• TASK DETAILS: In the entries below, find the line with "barva vyvažuje tmavší…" and the line with "Receipt to the"; reproduce those two lines and all lines between them exactly, without pictures.

Segment Start: DATASET EXTRACT

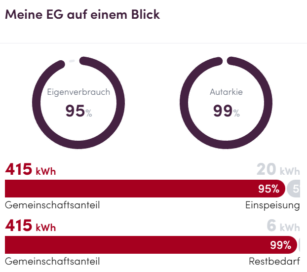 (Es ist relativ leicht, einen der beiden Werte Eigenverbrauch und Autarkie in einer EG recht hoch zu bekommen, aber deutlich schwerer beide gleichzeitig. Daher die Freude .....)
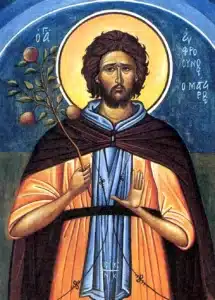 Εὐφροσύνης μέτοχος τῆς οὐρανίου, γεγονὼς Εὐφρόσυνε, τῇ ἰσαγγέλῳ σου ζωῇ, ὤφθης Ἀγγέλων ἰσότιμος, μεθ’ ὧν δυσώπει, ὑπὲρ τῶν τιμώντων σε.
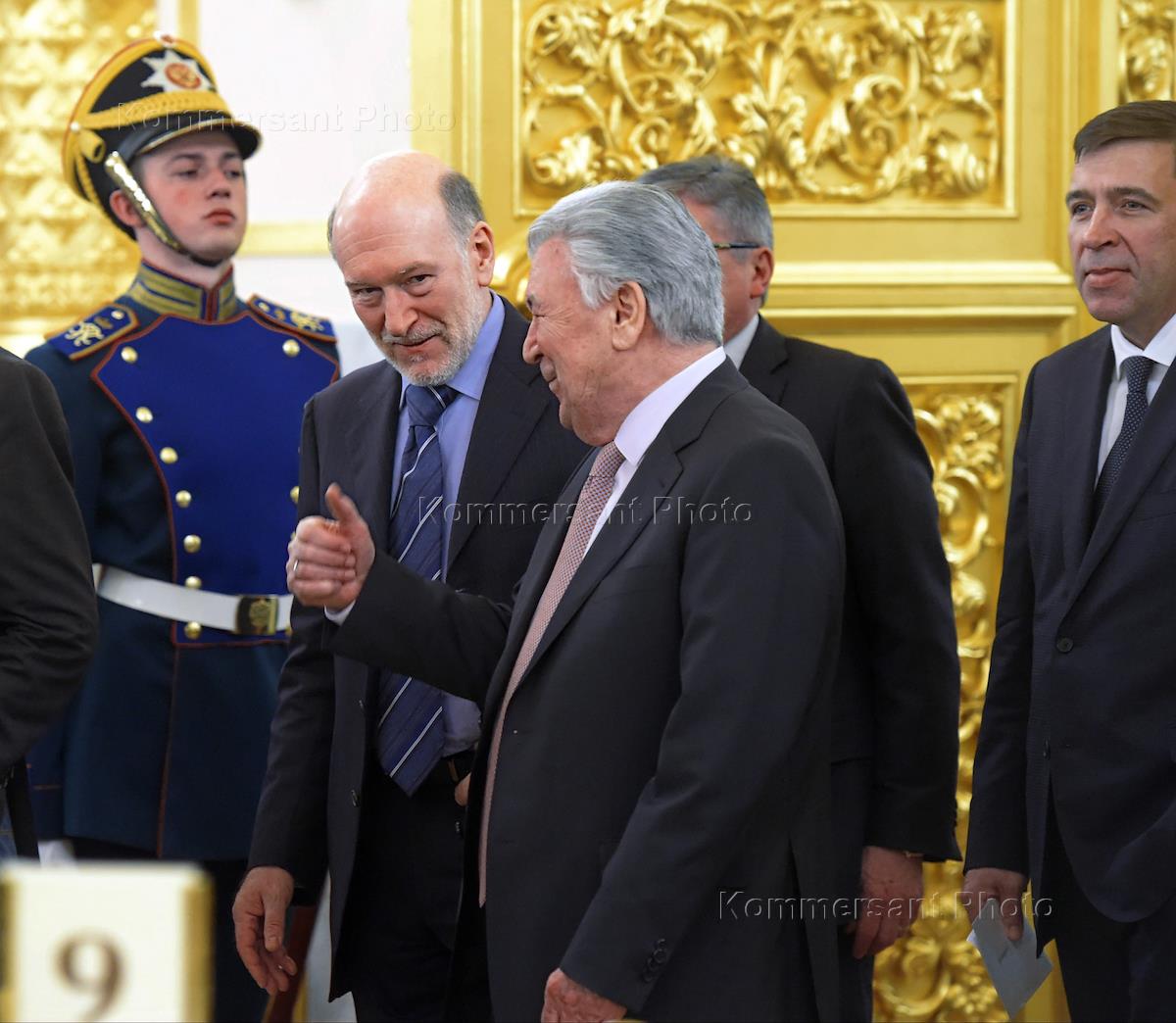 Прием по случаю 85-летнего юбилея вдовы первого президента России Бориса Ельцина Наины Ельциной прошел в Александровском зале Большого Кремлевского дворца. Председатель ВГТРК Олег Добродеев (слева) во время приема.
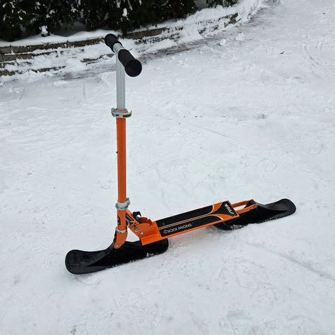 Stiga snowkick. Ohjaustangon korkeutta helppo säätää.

Segment End: DATASET EXTRACT
Segment Start: DATASET EXTRACT

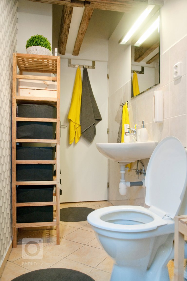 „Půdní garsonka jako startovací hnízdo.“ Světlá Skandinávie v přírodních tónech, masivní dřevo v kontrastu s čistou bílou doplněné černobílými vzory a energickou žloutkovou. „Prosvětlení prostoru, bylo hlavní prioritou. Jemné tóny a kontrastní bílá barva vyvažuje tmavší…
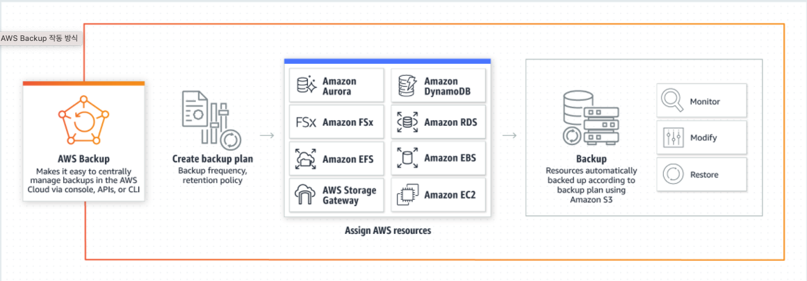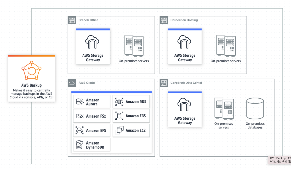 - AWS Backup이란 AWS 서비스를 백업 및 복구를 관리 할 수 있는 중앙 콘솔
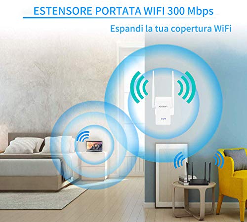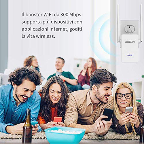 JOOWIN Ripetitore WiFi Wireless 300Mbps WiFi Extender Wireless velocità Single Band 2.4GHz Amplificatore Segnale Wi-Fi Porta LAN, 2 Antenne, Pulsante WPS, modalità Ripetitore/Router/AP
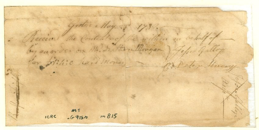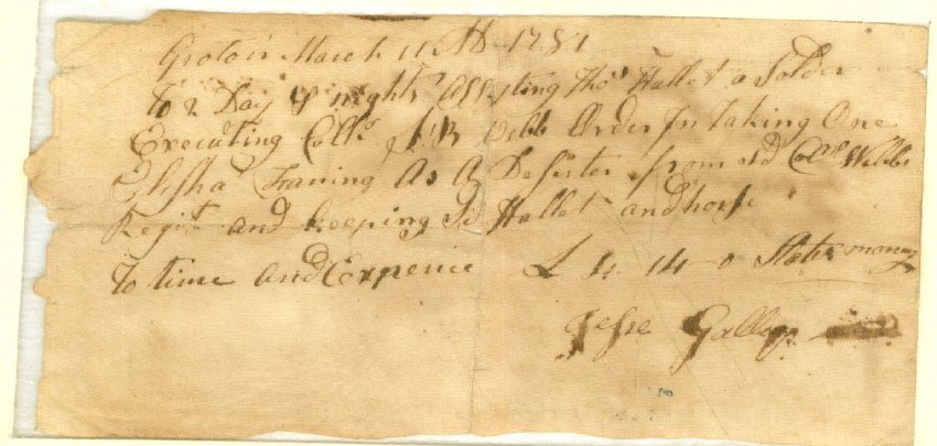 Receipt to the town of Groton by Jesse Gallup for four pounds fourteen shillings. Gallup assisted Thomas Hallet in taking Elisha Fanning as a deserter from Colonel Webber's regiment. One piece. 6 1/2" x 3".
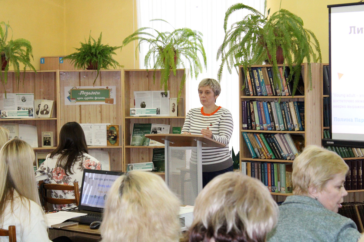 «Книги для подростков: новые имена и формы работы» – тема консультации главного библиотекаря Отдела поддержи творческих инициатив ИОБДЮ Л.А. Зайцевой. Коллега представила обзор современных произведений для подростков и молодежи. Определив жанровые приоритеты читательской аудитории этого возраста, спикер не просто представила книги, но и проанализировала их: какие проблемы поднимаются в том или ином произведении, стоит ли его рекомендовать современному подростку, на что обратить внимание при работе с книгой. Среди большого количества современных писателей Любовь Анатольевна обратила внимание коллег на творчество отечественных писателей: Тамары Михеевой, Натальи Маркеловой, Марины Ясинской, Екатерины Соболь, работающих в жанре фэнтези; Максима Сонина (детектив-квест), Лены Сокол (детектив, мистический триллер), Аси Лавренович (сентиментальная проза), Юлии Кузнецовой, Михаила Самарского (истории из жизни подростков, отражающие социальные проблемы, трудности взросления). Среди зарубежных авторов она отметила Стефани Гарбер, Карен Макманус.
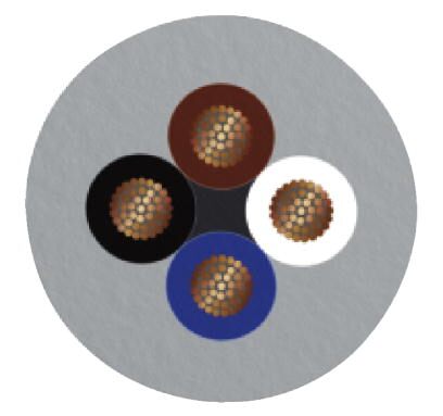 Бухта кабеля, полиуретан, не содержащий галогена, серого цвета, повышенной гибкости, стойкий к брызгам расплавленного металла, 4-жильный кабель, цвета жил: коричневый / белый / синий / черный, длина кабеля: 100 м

Segment End: DATASET EXTRACT

• EXPECTED OUTPUT:
 „Půdní garsonka jako startovací hnízdo.“ Světlá Skandinávie v přírodních tónech, masivní dřevo v kontrastu s čistou bílou doplněné černobílými vzory a energickou žloutkovou. „Prosvětlení prostoru, bylo hlavní prioritou. Jemné tóny a kontrastní bílá barva vyvažuje tmavší…
 - AWS Backup이란 AWS 서비스를 백업 및 복구를 관리 할 수 있는 중앙 콘솔
 JOOWIN Ripetitore WiFi Wireless 300Mbps WiFi Extender Wireless velocità Single Band 2.4GHz Amplificatore Segnale Wi-Fi Porta LAN, 2 Antenne, Pulsante WPS, modalità Ripetitore/Router/AP
 Receipt to the town of Groton by Jesse Gallup for four pounds fourteen shillings. Gallup assisted Thomas Hallet in taking Elisha Fanning as a deserter from Colonel Webber's regiment. One piece. 6 1/2" x 3".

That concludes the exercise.